Since Lft is closely related to LIX1 and LIX1-L, and indeed LIX1-L is functionally homologous to Lft, our studies of Lft identify regulation of mammalian Fat and Ds homologues as the likely cellular functions of LIX1 and LIX1-L. Consistent with this inference, these proteins could bind to the cytoplasmic domain of human FAT4, and a BLASTP search with a short sequence motif of Fat common to Ds and FAT4 (WEYLLNWGPSYENLMGVFKDIAELPD, Fig. 1C) identifies these three proteins plus the mammalian Ds homologues DCHS1 and DCHS2 as the five closest matches in protein databases. This sequence motif also exhibits weak similarity to a region of E-cadherin that has been identified as contributing to binding to β-catenin (Clark et al., 1995; Huber and Weis, 2001), but there is no obvious primary sequence similarity between Lft and β-catenin, and Lft did not detectably affect E-cadherin staining.
Functional studies of LIX1 and LIX1-L in vertebrates have not yet been reported. However, feline LIX1 has been genetically linked to feline spinal muscular atrophy (Fyfe et al., 2006). Direct examination of human LIX1 in spinal muscular atrophy patients did not reveal any mutations (Fyfe et al., 2006; Parkinson et al., 2008). Nonetheless, the linkage of LIX1 and LIX1-L to Fat signaling suggests that other members of the Fat signaling pathway should also be examined as potential candidate susceptibility loci for this debilitating disease. Murine Fat4 has been shown to be required for normal PCP in the ear and kidney (Saburi et al., 2008), however, it is also highly expressed in the nervous system, as are murine Lix1 and Dchs genes (Moeller et al., 2002; Rock et al., 2005), consistent with the expectation that these genes will interact in mammals, and might influence nervous system development.

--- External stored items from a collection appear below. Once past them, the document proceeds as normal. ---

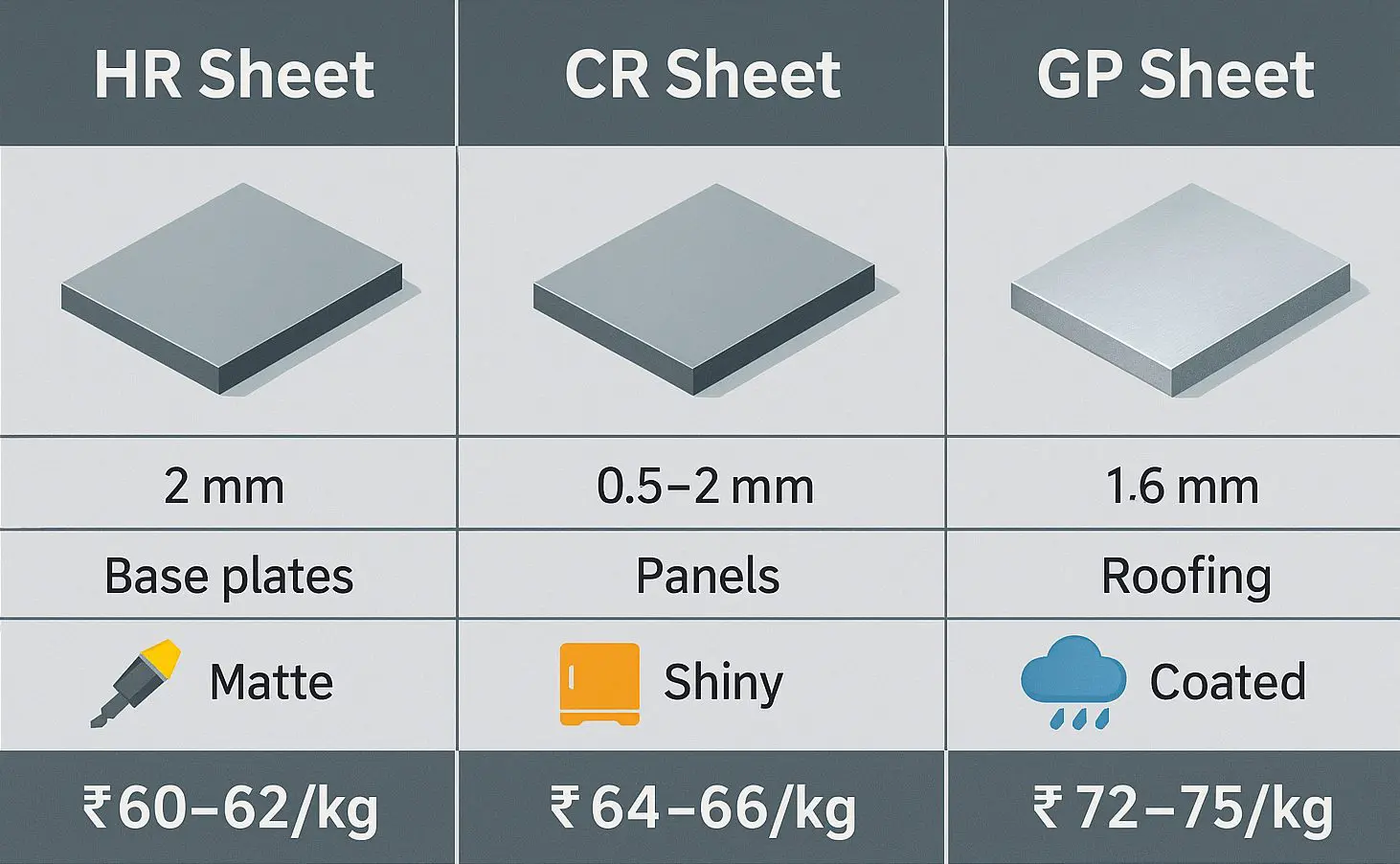 Rates also vary depending on thickness, type of sheet (HR, CR, GP), and the city. A 2mm HR sheet in Mumbai might be ₹63/kg, but the same sheet in Delhi could be ₹61 or less. Add galvanised coating or cut size, and the rate shifts again.
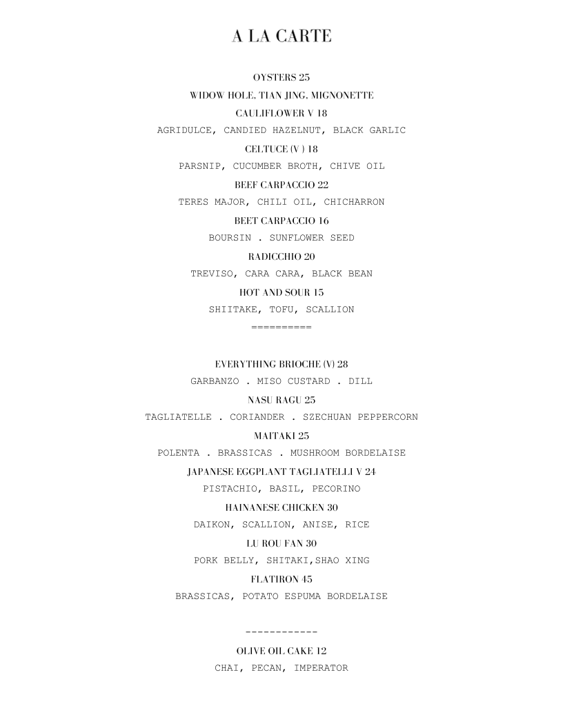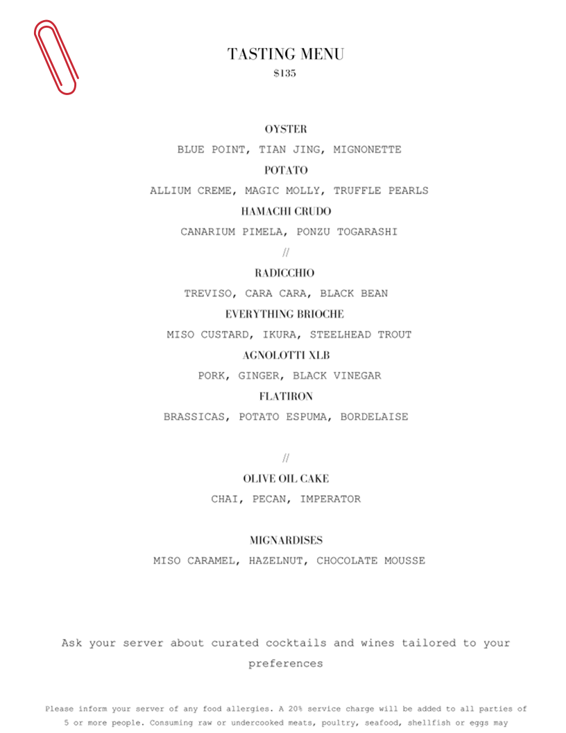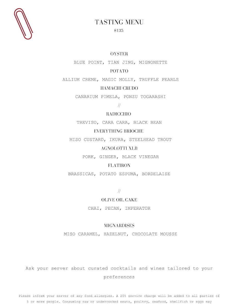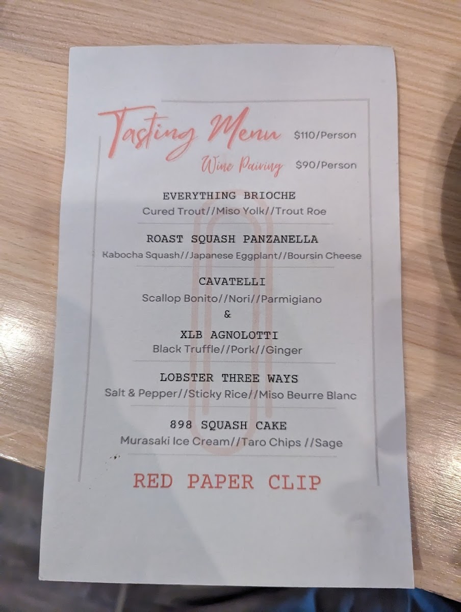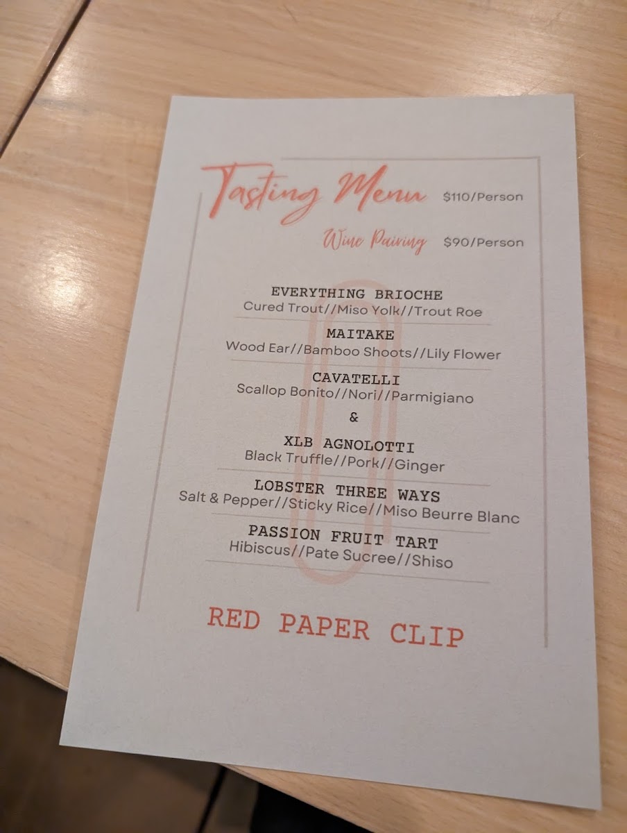 As a reviewer looking back over the menu at Red Paper Clip Restaurant, it’s clear that the experience is carefully curated to balance creativity, restraint, and quality. The à la carte selections set the tone with elegant starters like Oysters, Cauliflower (V), Celtuce (V), Beef Carpaccio, and Beet Carpaccio, each suggesting a focus on freshness, clean flavors, and thoughtful plating. These dishes feel designed to awaken the palate without overwhelming it, offering both plant-forward and protein-driven options that appeal to a wide range of diners. The tasting menu builds on this philosophy with a structured progression of Oyster, Potato, Hamachi Crudo, Radicchio, and Everything Brioche, giving guests a concise yet expressive snapshot of the kitchen’s style and seasonal sensibility.
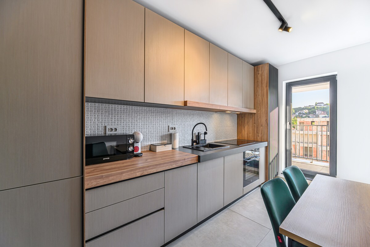 Spacious 2-Bedroom Apartment with Panoramic Views in center of Brașov: This apartment is situated on the 8th floor of a classic building and boasts an amazing panoramic view of Brașov's old town, and 2 steps to AFI mall. The space includes: - Two bedrooms; - Two modern bathrooms; - A large, fully equipped kitchen ideal with living space; - A large kitchen with living area. Big windows with amazing city views. Perfect for short or long stays, with everything you need for a comfortable visit!
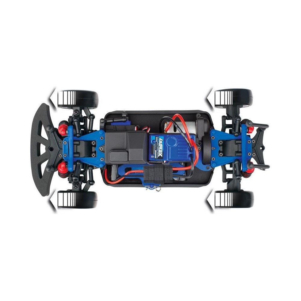 A modellt a LaTrax TQ 2 csatornás, arányos kormánykerék RC-készlet vezérli a 2,4 GHz-es sávban - interferenciamentes működés. Az adó mindössze 4 AA elemmel működik, opcionálisan újratölthető NiMH akkumulátorokat is használhat.
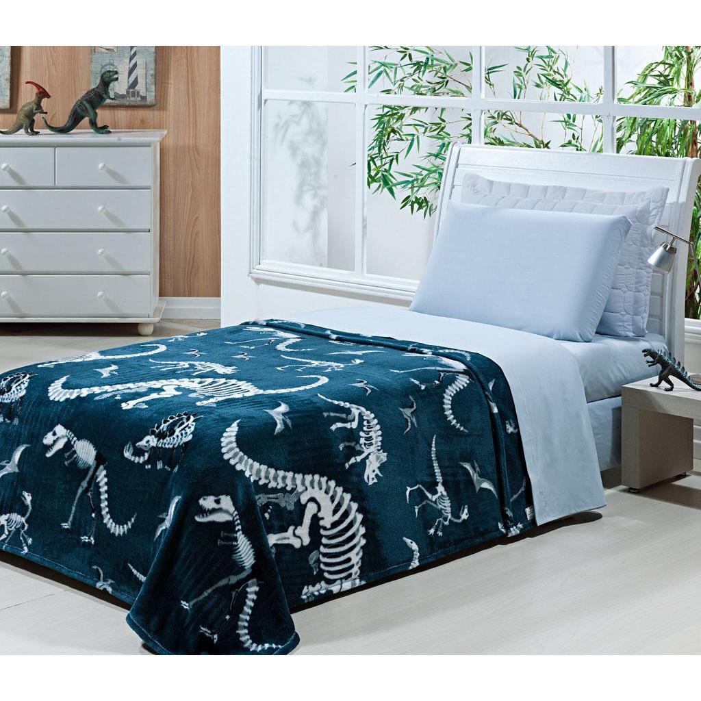 Manta Cobertor Dinossauro Solteiro Infantil Extra Macia Antialérgica- Bege
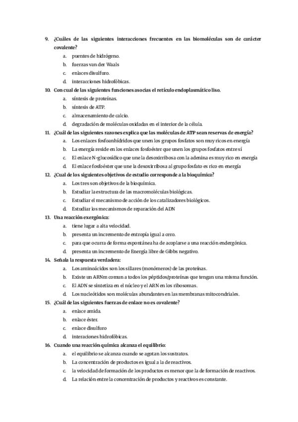 He publicado nuevos examenes de 1º Bioquímica y Biología Molecular I: Preguntas-tipo-examen.pdf
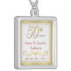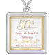 50th Anniversary Keepsake Necklace -- Elegant Golden 50th Wedding Anniversary Pendant with formal script and scrolled antique design -- Customize the names and date for your happy celebration. Perfect gift for your wife, mother, grandmother to commemorate 50 Golden Years together. Matching cards, invitations, postage and gifts available. Other styles and customizations available upon request.
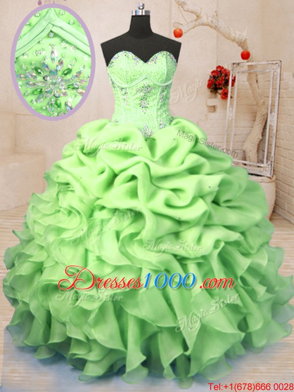 Captivating Yellow Green Organza Lace Up Sweet 16 Dresses Sleeveless Floor Length Beading and Ruffles and Pick Ups
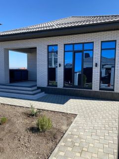 Установлен забор, участок в плитке, высажены растения. Раздвижные ворота, машиноместо

We thank Adnan Riaz for assistance in characterizing TILLING alleles, Qumiao Xu for assistance in characterizing the lft RNAi phenotype, the Developmental Studies Hybridoma Bank, the Bloomington stock center, the Seattle TILLING Project, M. Simon, C. Zuker, and the National Institute of Genetics (Japan) for antibodies and Drosophila stocks, and P. Francis-West for comments on the manuscript. This research was supported by the HHMI and NIH grant GM078620.